Polisi Tangkap Pelaku Penganiayaan Anak Perempuan di Minahasa yang Viral
·waktu baca 2 menit

MINAHASA - Polisi akhirnya menangkap empat orang pelaku penganiayaan terhadap anak perempuan berusia 13 tahun di Desa Kembuan, Kecamatan Tondano Utara, Kabupaten Minahasa, yang viral di media sosial, dan telah di repost oleh anggota DPR RI, Hillary Brigitta Lasut di akun pribadinya.
Keempat pelaku penganiayaan sekaligus perundungan atau bullying ini adalah NNW (17), RAM (19), MMRK (16) dan CEL (20), semuanya adalah warga yang sama dengan korban Chelsea Pakasi.
Para pelaku ini ditangkap usai dilaporkan oleh orang tua korban dengan bukti laporan polisi di Polres Minahasa, nomor LP/551/XII/2021/Sulut/Polres Minahasa.
"Para pelaku kini sudah ditahan di Polres Minahasa," kata Kabid Humas Polda Sulawesi Utara (Sulut), Kombes Pol Jules Abraham Abast.

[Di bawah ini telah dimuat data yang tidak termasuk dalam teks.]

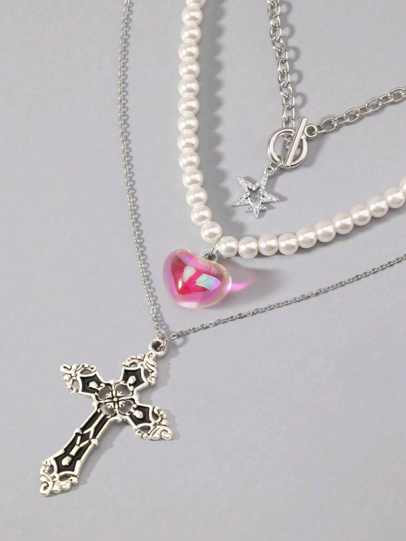 Grunge Punk 3pcs Gothic Style Black Beaded, Red Thorn Rose, Cross & Heart Pendant Necklace Set For Women

Jules sendiri mengatakan jika para pelaku memang melakukan penganiayaan secara bersama-sama terhadap korban yang masih seorang siswi. Menurutnya, Satreskrim Polres Minahasa telah meminta keterangan terhadap saksi, saksi pelapor, saksi korban, juga keempat terduga pelaku.
“Penyidik sudah mengirimkan surat ke Bapas untuk pendampingan terhadap terduga pelaku dan korban. Kemudian juga berkoordinasi dengan Lapas Anak Tomohon untuk penitipan terduga pelaku yang masih di bawah umur,” ujar Jules.
Sekadar diinformasikan, pasal yang diterapkan pada kasus ini adalah Pasal 80 Ayat (1) UU Nomor 35 Tahun 2014 atas perubahan UU Nomor 23 Tahun 2002 Tentang Perlindungan anak (ancaman hukuman 3 tahun 6 bulan dan/atau denda paling banyak Rp.72.000.000,.) dan Pasal 170 ayat (2) ke-1e KUH.Pidana dengan ancaman hukuman maximal tujuh tahun penjara.
Sebelumnya, dua video viral di media sosial, di mana sejumlah remaja menganiaya satu orang anak perempuan yang berusia 13 tahun. Anak perempuan itu dijambak, dibanting, ditendang dan dilecehkan oleh para penganiaya.
Dalam video tersebut, terdengar jika anak perempuan yang dianiaya itu meminta untuk tidak lagi dipukul karena sudah merasa kesakitan. Tapi, bukannya berhenti, gerombolan penganiaya semakin menjadi-jadi. Terdengar juga salah satu penganiaya mengatakan jika dirinya lebih sakit.
Aksi penganiayaan ini sendiri tergolong cukup brutal, karena korban anak perempuan tersebut dianiaya di dalam rumah baru kemudian diseret ke luar untuk kembali dipukuli lebih brutal.
Terlihat ada tendangan yang kena di bagian kepala, bagian payudara dan juga perut dari si korban. Tak ada tindakan perlawanan dari si korban, karena terlihat sudah tidak berdaya dan merasakan kesakitan yang luar biasa.